Слово «уничтожить» (obliterate) вообще самое последнее слово на последней карточке последнего сочинения Набокова, карточке, где выписаны в столбец синонимы этого понятия. Мы не можем знать наверное, отчего именно Набоков хотел, чтобы уже написанная часть будущей книги была уничтожена: из одного ли нежелания «показываться на публике в халате», т. е. из смеси артистической благопристойности с артистическим тщеславием, или оттого, что при приближении смерти человек иначе, может быть, смотрит и на «Энеиды», и на «Мертвые души», и на собственные свои черновики – особенно на собственные черновики.
10
Филипп Вайльд умирает от инфаркта, по-видимому у себя дома. В каждом романе, начиная с «Защиты Лужина» и во всех последующих (за двумя, может быть, исключениями), Набоков водяным знаком помещает и варьирует почти без развития тему неощутимого, но деятельного участия душ персонажей, умерших в пределах повествования, в судьбах еще действующих в нем лиц, с которыми их при жизни связывали отношения кровные или сердечные. Однажды подержав книгу Набокова на просвет и увидев контур этой темы, потом уже не можешь не проверять ее наличия и в прочих и не отмечать ее переходящих характерных признаков[89], Это какой-то странный, односторонний спиритизм, действие которого совершенно невидимо и даже неведомо персонажам, на которых оно направлено, и может быть распознано только наблюдателем извне, и то по обретении известного навыка. Часто читателю подается факт смерти такого духовода как бы невзначай, косвенно, особенно если она случилась в плюсквамперфектум, но ее-то, может быть, и должно держать в уме для понимания не только высшего сюжета, но и высшего замысла романа. Притом у Набокова никогда не бывает, чтобы читателю показывалась самая смерть крупным планом, в физически наглядном описании, как это заведено, например, у Толстого. В 1951 году Набоков в частном письме, единственном по своей откровенности в таких вещах, пишет, что его задуманные сочинения, подобно некоторым из тех, что он писал раньше, «будут… следовать системе, в которой второй (главный) сюжет переплетается с поверхностным и полупрозрачным – или же помещается позади него»[90].

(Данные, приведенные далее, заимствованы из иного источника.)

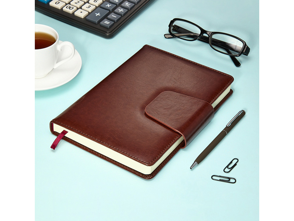 Недатированный ежедневник Prestige от бренда Bruno Visconti - это качественный корпоративный подарок по выгодной цене, произведенный специально под персонализацию. Представлен в универсальном формате А5 и содержит 320 страниц. Не лишенный солидности и респектабельности новый ежедневник Prestige от Bruno Visconti идеально дополняет имидж современных профессионалов. Твердая обложка выполнена из гладкого кожзама, неотличимого от кожи fiore vegetale. Скругленный корешок и уголки обложки в сочетании с магнитным клапаном делают ежедневник Prestige невероятно стильным аксессуаром. Глянцевая поверхность материала акцентирована контрастной белой строчкой вдоль закругленного края. Функциональная деталь - широкий магнитный клапан. Декоративный хлястик надежно фиксирует блок, исключая случайное раскрывание в сумке. В ежедневнике Prestige есть полезная справочная информация на русском языке, а также страницы для записи идей, мыслей и составления рабочих планов. Дни недели указаны сокращенно на английском языке. Для изготовления страниц используется качественный бежевый офсет повышенной плотности (70 г/кв м), который производится в Японии и подходит для всех видов чернил. Разметка блока с указанием времени позволяет планировать дела с точностью до 1 часа. Ежедневники от бренда Bruno Visconti можно персонализировать с помощью всех видов тиснения обложки. Наши ежедневники помогут быть успешным и эффективным в карьере и повседневной жизни!

Все романы Набокова – трагедии в том ограниченном смысле, что смерть, как их сказуемое, витает в них во всех временах, от давно прошедшего до будущего – в прошедшем повествовательном, разумеется[91]. Его известная максима, что «смерть [в романе] – вопрос стилистический», вместе плоска и глубока, в зависимости от угла зрения. Но если смотреть под прямым углом, то как далеко вглубь замысла Набокова можно заглянуть, имея на руках только публикуемые здесь отрывки? Иными словами, уготована ли факту смерти одного из главных действующих лиц романа некая корректирующая роль в ходе повести, в участи Флоры или ее литератора-любовника? В свете вышесказанного понятно, что не о смерти как таковой речь, а вот именно о возможных последствиях посмертного участия духа Филиппа Вайльда в небезразличных ему земных делах и судьбах. Многое тут, конечно, зависит от того, к какой части романа относится карточка 94, где говорится о его фатальном сердечном приступе в одном предложении с известием о похищении последней главы рукописи Вайльда – вполне вероятно, той самой главы, где описывается, как он мысленным ластиком собирается коснуться своего сердца.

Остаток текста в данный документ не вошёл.